Gophersat was developed by the [CRIL (Centre de Recherche en Informatique
de Lens)](http://www.cril.fr) at the Artois University & CNRS. It is
released under the MIT license. Gophersat is rather efficient, i.e on
typical SAT benchmarks it runs about 2 to 5 times slower than top-level
solvers (namely, [glucose](http://www.labri.fr/perso/lsimon/glucose/) or
[minisat](http://minisat.se/)) from which it is strongly inspired.
It can also solve MAXSAT problems, and pseudo-boolean decision and optimization problems.

## Version 1.4: Cutting-planes

Gophersat's last stable version is version 1.4. It includes the optional cutting-planes solving strategy.

Some problems, such as the famous pigeonhole problem, take a very-long time to solve using pure logical reasoning.

The pigeonhole problem can be expressed this way: is it possible to put n pigeons in m pigeonholes, where m = n-1, without putting several pigeons in the same hole and putting all pigeons in a hole? The answer is obvious: if you have 4 pigeons in 3 holes, you can't put them all in a different hole. But how do you *prove* this? A SAT or PB solver will prove it by trying all possible combinations, and the number of possible combinations grows exponentially. So, trying to solve the problem with n=20 is not feasible in practice, despite the problem having an obvious answer.

Some PB solvers implement an alternative strategy: the cutting-planes strategy.
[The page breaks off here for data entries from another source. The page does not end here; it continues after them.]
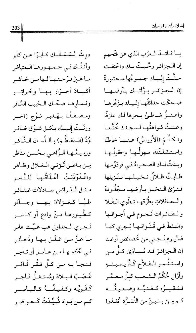 وتكلم (الأوراس) عنها خاطبا …*… ود (المقطم) باللسان الشاكر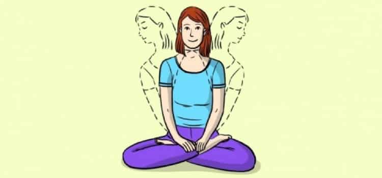 Volte as mãos para a posição inicial e dobre suavemente a cabeça em direção ao ombro esquerdo, e repita o exercício para o ombro direito.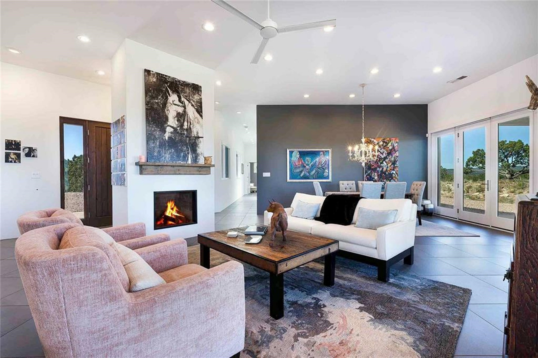 One of the rarest homes in all of Las Campanas, this exceptional contemporary, 2019-built home by Zachary & Sons, captivates with sophisticated log cabin architecture and stunning surround mountain views. Located within the Estancias of Las Campanas, this fabulous, single level home backs directly to BLM land and borders nearly 68,000 acres of open space, with endless Jemez Mountain and Sangre de Cristo Mountain views, and celebrates the true essence of the ultimate Santa Fe lifestyle. Design features include an open concept living room and dining room, ideal for entertaining with stunning views, back portal access through three sets of French doors, and a fireplace, all of which opens directly to the designer island kitchen with state of the art appliances, breakfast bar, views, and pantry. The owner's suite delights with portal access, Jemez views, an intimate seating area, and a modern bath complete with a walk-in shower, soaking tub, dual vanities and walk-in closet. Guests enjoy independence with a private ensuite bedroom and a secondary guest bedroom which is currently utilized as both a media room and office. Exceptional features include quality neutral finishes and soft natural light throughout, a generous two car garage with built-in storage, surround portals ideal for enjoying the ultimate outdoor living experience, and central air conditioning. Sited within close proximity to The Club at Las Campanas Clubhouse, (2) Jack Nicklaus Signature Golf Courses, Spa, Fitness and Tennis Center, and Equestrian Center, in addition to hiking trails and Diablo Canyon, this unique offering is truly a special opportunity. The owner's equity golf membership is available for purchase on a separate bill of sale.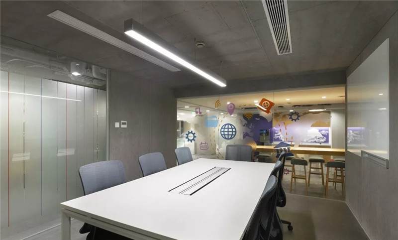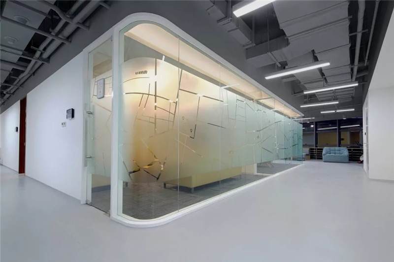 第二張中可以看到,桌上足球,這一張是會議室的玻璃貼膜,最初設計的都是一些彩色的圓點,但是做完后太通透,起不到遮擋作用,所以現(xiàn)場臨時在玻璃的內(nèi)側(cè)又加了大型的磨砂圓,就有兩層疊加到一起的圖形,磨砂與色彩組合在一起,效果豐富有層次。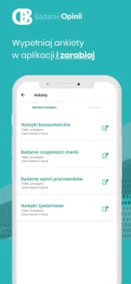 Pobierz aplikację Badanie Opinii i zacznij zarabiać! Podziel się z nami swoją opinią, wypełniaj ankiety w dowolnym miejscu i czasie ze swojego telefonu. Zbieraj punkty i wymień na gotówkę - wystarczy, że podasz kilka informacji o sobie, a już po chwili będziesz mógł otrzymać swoje pierwsze ankiety. To Ty decydujesz, które ankiety chcesz wypełnić. Aplikacja pozwala na zapraszanie znajomych, dzięki czemu jeszcze szybciej zbierzesz punkty potrzebne do wymiany.
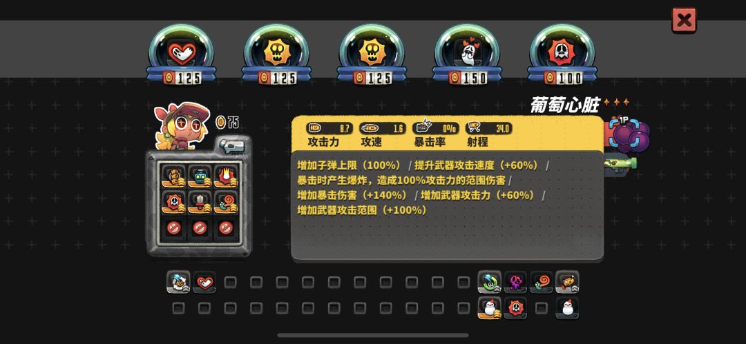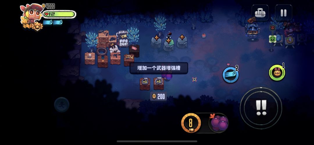首先进去先选择武器,推荐购买消耗果核的武器,除了仙人掌枪其他都很厉害。然后根据你购入的武器星级买星星提升基础攻击。

It won't be described in detail in this document, but this stategy can be extremely efficient on some problems, such as the pigeonhole problem which cannot be solved efficiently by pure logical reasoning, but will be slower on most problems.
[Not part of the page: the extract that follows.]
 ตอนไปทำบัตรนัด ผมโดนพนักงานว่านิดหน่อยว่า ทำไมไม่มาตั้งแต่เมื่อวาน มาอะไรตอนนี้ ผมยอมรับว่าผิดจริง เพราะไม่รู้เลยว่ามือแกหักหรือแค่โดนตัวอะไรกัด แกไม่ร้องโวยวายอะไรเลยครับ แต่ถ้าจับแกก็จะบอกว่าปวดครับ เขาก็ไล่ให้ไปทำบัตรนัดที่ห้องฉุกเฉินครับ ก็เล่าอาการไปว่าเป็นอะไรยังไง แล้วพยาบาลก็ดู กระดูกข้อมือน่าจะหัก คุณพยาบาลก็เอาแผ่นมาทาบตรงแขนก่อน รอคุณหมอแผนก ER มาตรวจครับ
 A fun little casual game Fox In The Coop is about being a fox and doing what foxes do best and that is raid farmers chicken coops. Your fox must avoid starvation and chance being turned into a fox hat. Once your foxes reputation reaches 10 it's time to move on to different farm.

It is now possible to use the cutting-planes with Gophersat. Just use the `-cp` command-line option. So, instead of calling:

gophersat problem.opb

Just call:

gophersat -cp problem.opb

## Version 1.3

Gophersat's last stable version is version 1.3. It is a minor update, adding the ability to access the underlying solver when dealing with MAXSAT problems.
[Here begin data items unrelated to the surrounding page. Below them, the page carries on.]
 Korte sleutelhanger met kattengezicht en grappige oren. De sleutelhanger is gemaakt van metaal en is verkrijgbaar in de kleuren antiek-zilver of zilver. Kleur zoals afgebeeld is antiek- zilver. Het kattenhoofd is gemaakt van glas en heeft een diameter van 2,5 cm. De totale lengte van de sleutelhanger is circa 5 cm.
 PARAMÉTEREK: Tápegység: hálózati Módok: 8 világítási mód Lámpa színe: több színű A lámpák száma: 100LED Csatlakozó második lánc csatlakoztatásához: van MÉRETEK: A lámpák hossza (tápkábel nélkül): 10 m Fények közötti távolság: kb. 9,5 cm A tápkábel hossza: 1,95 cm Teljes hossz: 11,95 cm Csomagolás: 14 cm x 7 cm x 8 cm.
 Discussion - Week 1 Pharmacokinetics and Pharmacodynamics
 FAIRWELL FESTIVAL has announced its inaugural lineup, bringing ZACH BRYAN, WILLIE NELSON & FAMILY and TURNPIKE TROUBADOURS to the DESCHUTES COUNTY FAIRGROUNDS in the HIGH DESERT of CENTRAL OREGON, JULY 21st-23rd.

## Version 1.2: Explainable AI: UNSAT certification, MUS extraction

Gophersat version 1.2 includes a way to understand UNSAT instances, both by providing RUP certificates when a problem is UNSAT and by providing the ability to extract unsatisfiable subsets of the formula. A vew bugs were also corected, and the support for incremental SAT solving was improved.

To learn more about these functionalities, you can check the [tutorial about UNSAT certificates and MUSes](mus.md).

To generate a certificate with the gophersat executable, simply call:

gophersat -certified problem.cnf

The certificate will then be printed on the standard output, using the RUP notation. The certificate is generated on the fly, so be aware that a partial, useless certificate will be generated even if the problem is actually satisfiable. This is common practice in the community, and although the generated clauses are useless noise, in practice this is not a problem.

To extract a MUS from an UNSAT instance, just call:

gophersat -mus problem.cnf

The MUS will the be printed on the standard output. If the problem is not UNSAT, an error message will be displayed.

For the moment, these facilities are only available for pure SAT problems (i.e not pseudo-boolean problems).

## Version 1.1

Since its version 1.1, Gophersat includes a new, more efficient core solver for pure SAT problems
and a package dealing with MAXSAT problems. It also includes a new API for optimization and model counting,
where new models are written to channels as soon as they are found.

### About version numbers in Gophersat

Since version 1.0, Gophersat's API is considered stable, meaning that the API is guaranteed to stay backwards-compatible
until a major version shift. In other words, if your program works with version 1.0 of gophersat, it
will still work with version 1.1 or above, but not necessarily with versions above 2.0.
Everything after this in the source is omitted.